*** Given data ***

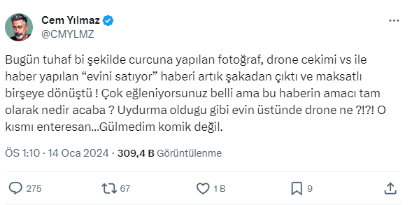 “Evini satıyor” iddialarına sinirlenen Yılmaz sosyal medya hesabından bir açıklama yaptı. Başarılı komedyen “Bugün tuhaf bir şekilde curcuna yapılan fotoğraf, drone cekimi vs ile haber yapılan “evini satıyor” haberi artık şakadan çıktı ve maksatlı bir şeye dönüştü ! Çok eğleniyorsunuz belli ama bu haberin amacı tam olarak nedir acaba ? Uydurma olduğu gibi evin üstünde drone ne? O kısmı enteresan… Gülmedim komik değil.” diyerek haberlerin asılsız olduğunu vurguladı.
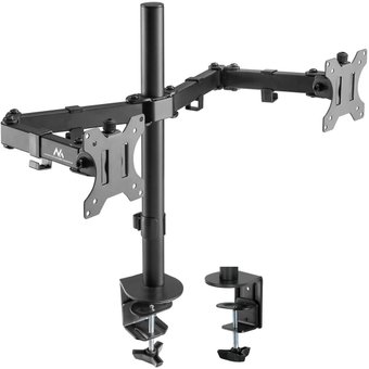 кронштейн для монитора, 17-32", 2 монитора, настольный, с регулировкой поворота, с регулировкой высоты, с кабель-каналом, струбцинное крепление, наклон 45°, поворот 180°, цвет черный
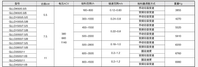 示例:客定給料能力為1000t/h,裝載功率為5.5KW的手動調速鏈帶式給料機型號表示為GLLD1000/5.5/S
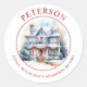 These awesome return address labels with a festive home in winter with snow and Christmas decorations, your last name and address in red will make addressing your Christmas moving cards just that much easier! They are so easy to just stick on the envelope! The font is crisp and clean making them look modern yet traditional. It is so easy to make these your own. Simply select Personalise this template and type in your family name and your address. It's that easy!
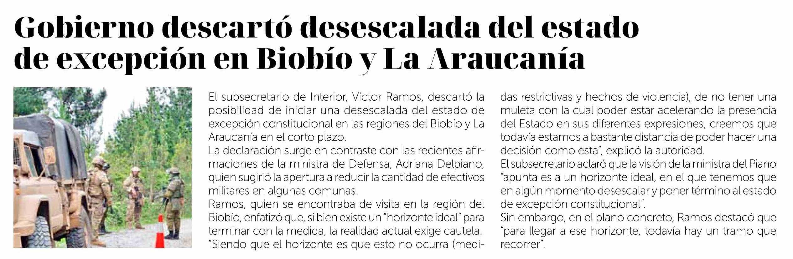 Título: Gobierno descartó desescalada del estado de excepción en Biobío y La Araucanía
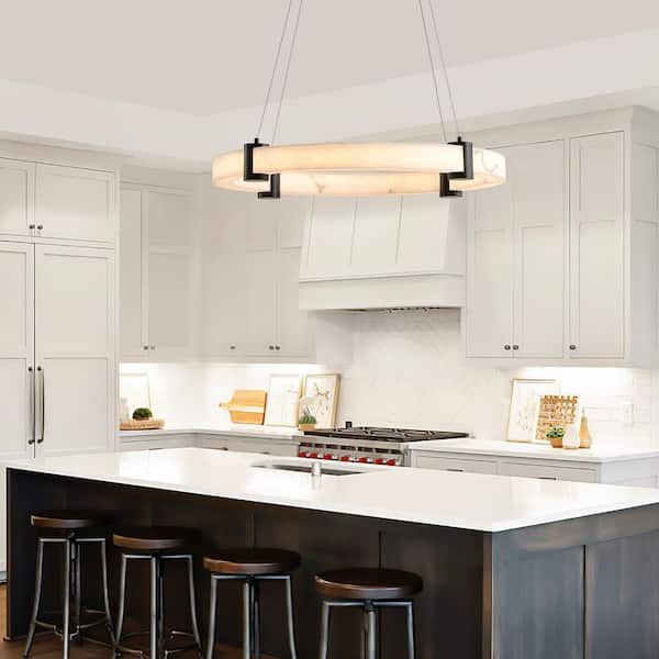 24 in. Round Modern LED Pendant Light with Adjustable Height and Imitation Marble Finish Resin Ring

***

Skip the pictures and quote each line of the entries above, from the first through the line with "示例:客定給料能力為1000", exactly as it appears.

 “Evini satıyor” iddialarına sinirlenen Yılmaz sosyal medya hesabından bir açıklama yaptı. Başarılı komedyen “Bugün tuhaf bir şekilde curcuna yapılan fotoğraf, drone cekimi vs ile haber yapılan “evini satıyor” haberi artık şakadan çıktı ve maksatlı bir şeye dönüştü ! Çok eğleniyorsunuz belli ama bu haberin amacı tam olarak nedir acaba ? Uydurma olduğu gibi evin üstünde drone ne? O kısmı enteresan… Gülmedim komik değil.” diyerek haberlerin asılsız olduğunu vurguladı.
 кронштейн для монитора, 17-32", 2 монитора, настольный, с регулировкой поворота, с регулировкой высоты, с кабель-каналом, струбцинное крепление, наклон 45°, поворот 180°, цвет черный
 示例:客定給料能力為1000t/h,裝載功率為5.5KW的手動調速鏈帶式給料機型號表示為GLLD1000/5.5/S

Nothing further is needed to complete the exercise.